Working from the start of the listing, please write out exactly the lines through the one that holds "Элеонора Ботмер, первая", both included, and omit all pictures.

— DATA PROVIDED —
━━━━━━
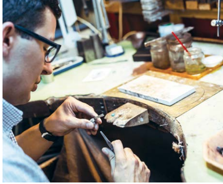
Nettoyage de bagues, de colliers, de boucles d'oreilles, etc.
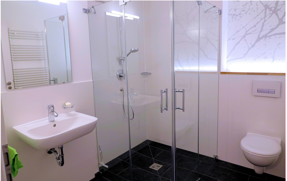
Badezimmer mit Lichtdesign
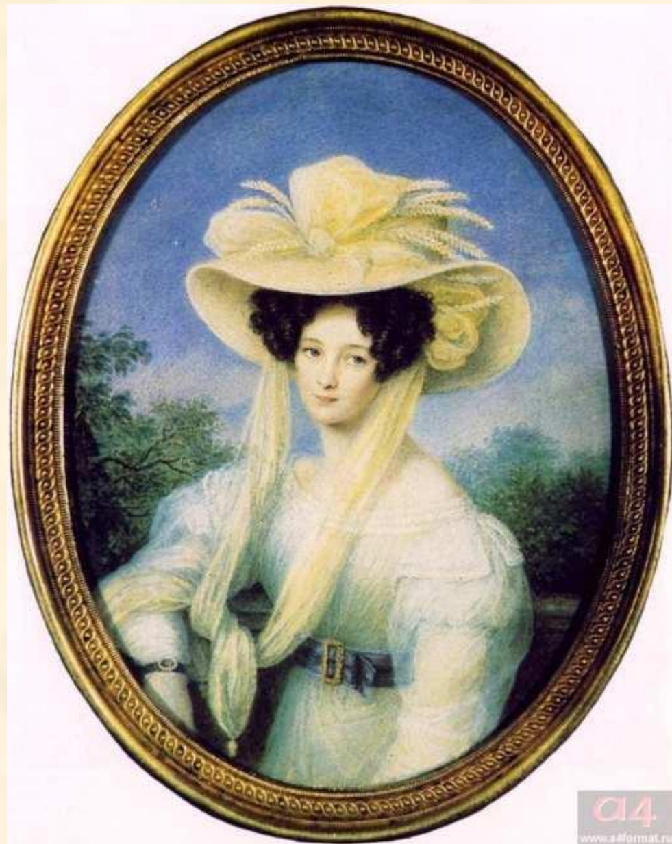
Элеонора Ботмер, первая жена Ф.И. Тютчева. Миниатюра И. Щелера. 1830-е

1826 год – Тютчев женится на графине Ботмер. Их семью посещает вся баварская интеллигенция. Тютчев переводит на русский язык стихотворение Гейне «С чужой стороны». Перевод произведения назывался «Сосны» и годом позже был напечатан в «Аонидах». Известно также, что Федор Иванович спорил с
━━━━━━
— SOLUTION FOR THIS TASK —
Nettoyage de bagues, de colliers, de boucles d'oreilles, etc.
Badezimmer mit Lichtdesign
Элеонора Ботмер, первая жена Ф.И. Тютчева. Миниатюра И. Щелера. 1830-е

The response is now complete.